I don't want to come off too hard as directly defending Jordan Peterson--I maybe watched a video or two on YouTube a while back with him talking about something... I liked one and hated the other--but this overall description of someone who is just saying a lot of stuff without any boundary between what they really actually know and where they are so far off the rails they might as well be on a psychedelic trip also sounds like it could apply to the likes of Plato... whom I'd 100% label as an intellectual.
Plato studied “philosophy” which at the time aimed to provide a full explanation to everything in life. Later in history knowledge got more and more specialized.
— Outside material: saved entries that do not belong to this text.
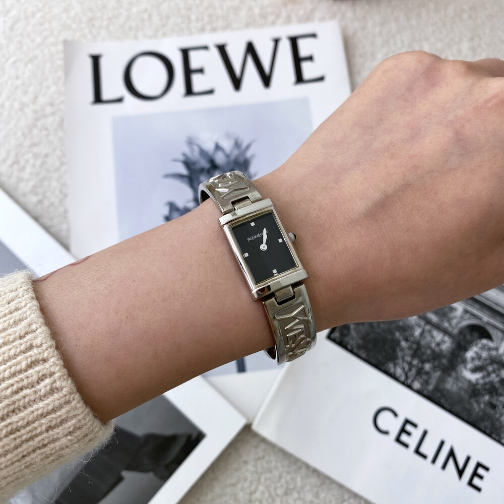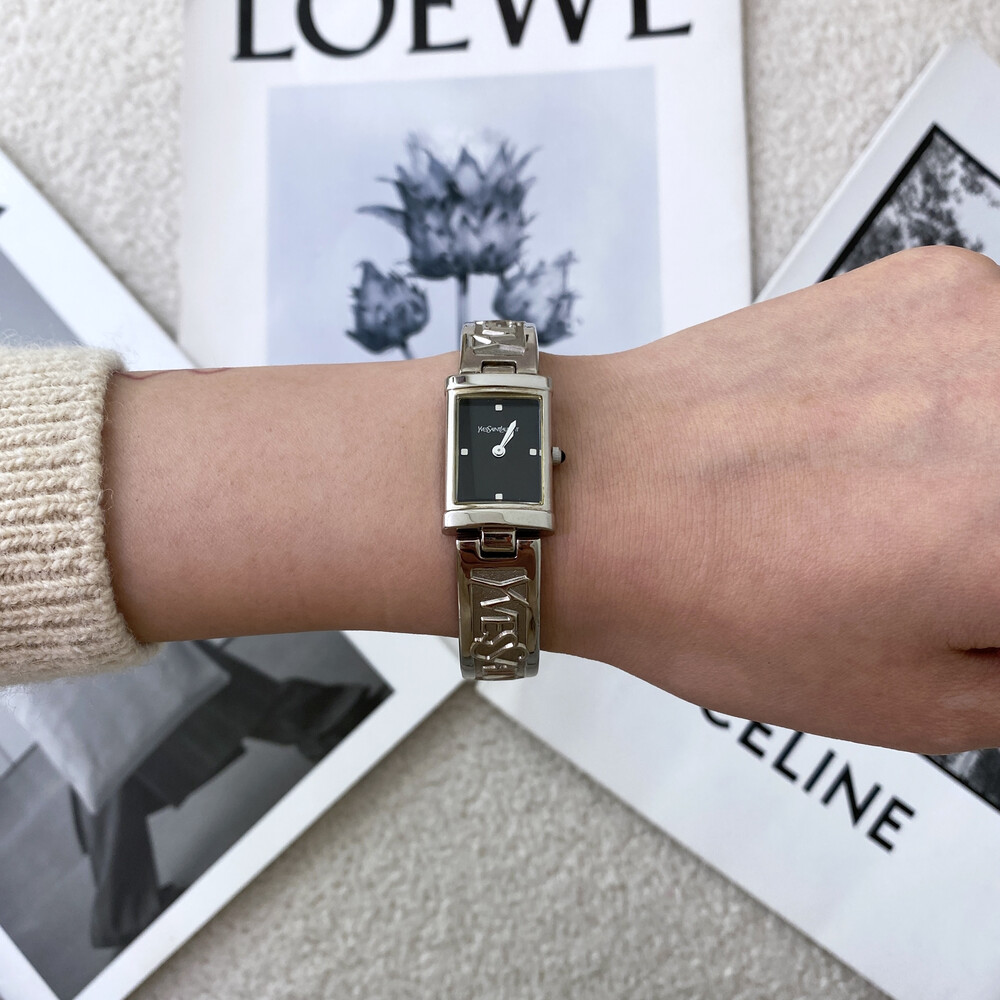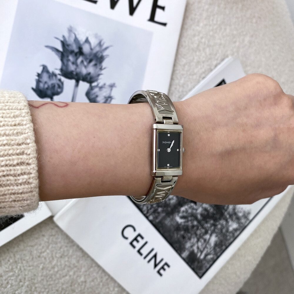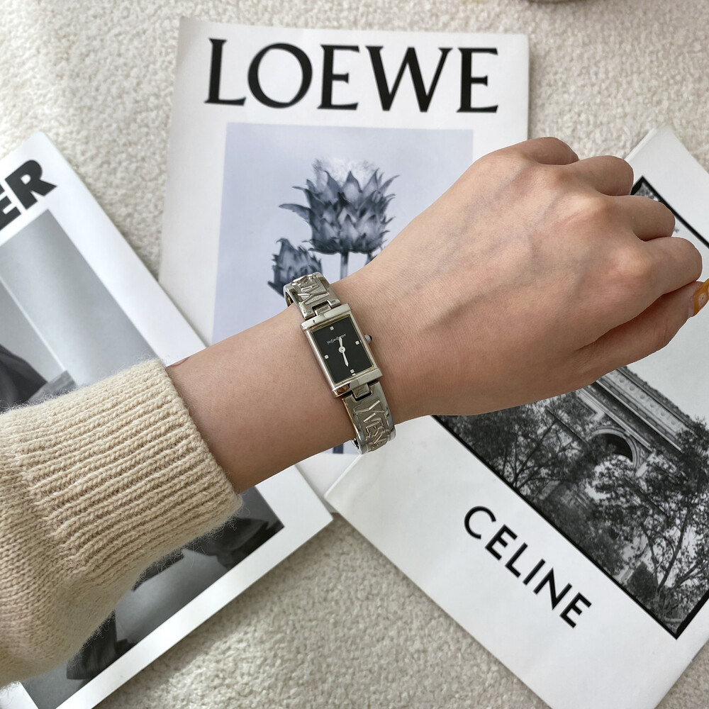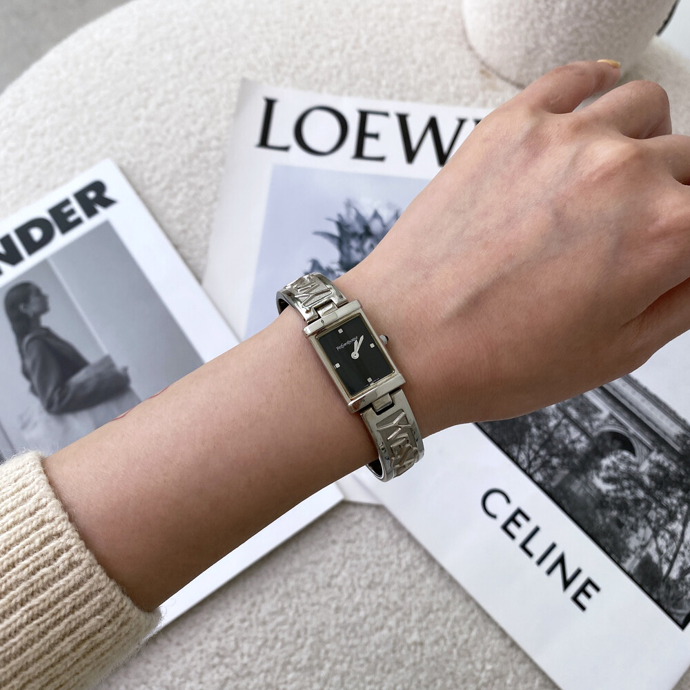입생로랑 로고로 장식된 브레이슬릿이 돋보이는 시계이며 착용 하였을 때
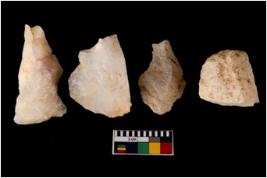 | Description / विवरण | There are n 4 flake cores. All of them are fully fluted flake cores without any trace of crested ridge flakes. Some are tapering at one end and some have sharp edges. |
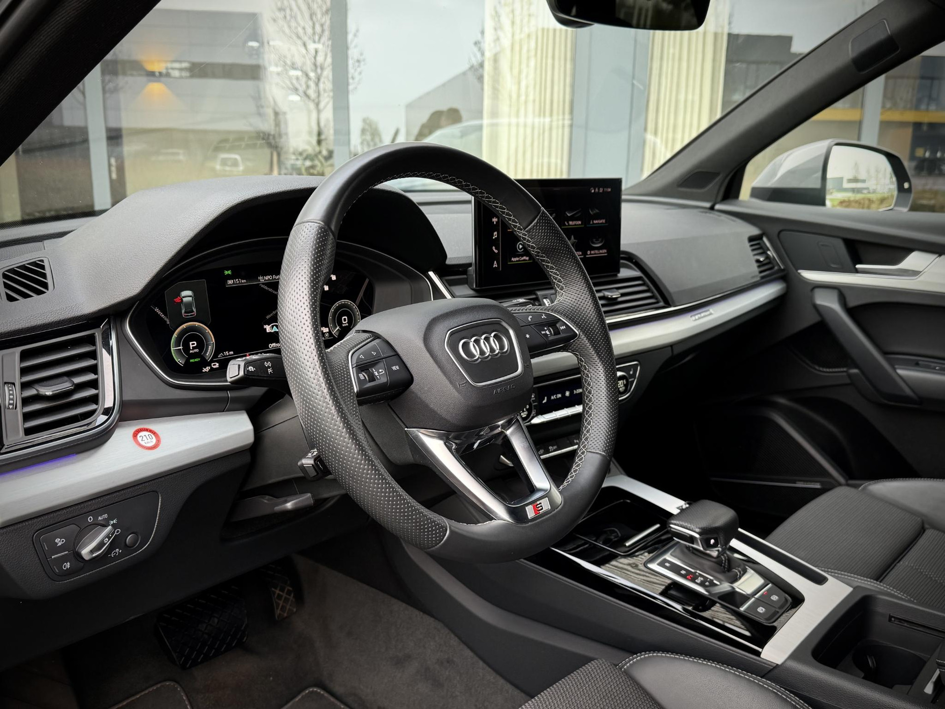 In nieuwstaat verkerende, van eerste eigenaar afkomstige, schadevrij en dealer onderhouden Audi Q5 Plug in Hybride. Voorzien van Quattro vierwielaandrijving, S line interieur, S line exterieur pakket, zwart optiek exterieur pakket met hoogglans zwarte details, OLED matrix LED verlichting, sfeerverlichting (kleur instelbaar), privacy glas af fabriek, elec. achterklep, stoel- en achterbank verwarming, 4 zone climate control, groot beeld MMI, Apple Car Play, draadloze telefoonlader, S line stuurwiel met schakelflippers, virtual cockpit, etc. TOPSTAAT! Voorzien van nieuwe 22 inch hoogglans zwarte performance velgen met nieuwe banden. Prijs is inclusief BTW en rijklaar.
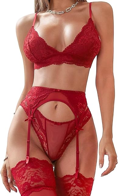 Order Women’s Sexy Lingerie Set with Garter Belt Stockings Matching bra and Panty Lace Bralette Wirelesss 4 Piece today for a best price.
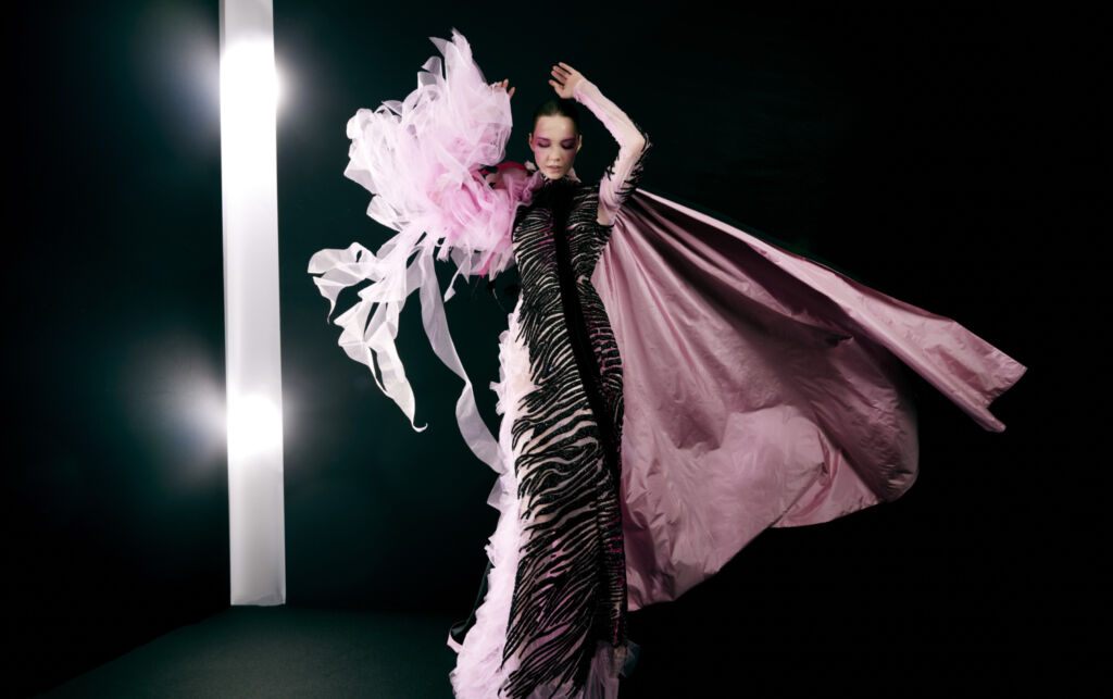 Julien Fournié s’intéresse à la fusion de la technologie et de la mode, incorporant souvent de nouvelles techniques numériques à la tradition de savoir-faire artisanal de la Haute Couture française.
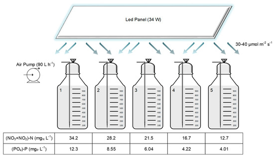 - Silva, N.F.P.; Gonçalves, A.L.; Moreira, F.C.; Silva, T.F.C.V.; Martins, F.G.; Alvim-Ferraz, M.C.M.; Boaventura, R.A.R.; Vilar, V.J.P.; Pires, J.C.M. Towards sustainable microalgal biomass production by phycoremediation of a synthetic wastewater: A kinetic study. Algal Res. 2015, 11, 350–358. [Google Scholar] [CrossRef]

As time goes by, being able to do meaningful contributions to various fields becomes more difficult. It is considered for example, that Gauss was the last scientist to contribute to all branches of science and similarly John Von Neumann was the last mathematician who made meaningful contributions in all branches of sciences. So yeah, you could say for Plato there were no boundaries as the amount of knowledge that existed was small enough to be fully handled by a human .. and it’s likely not the case anymore.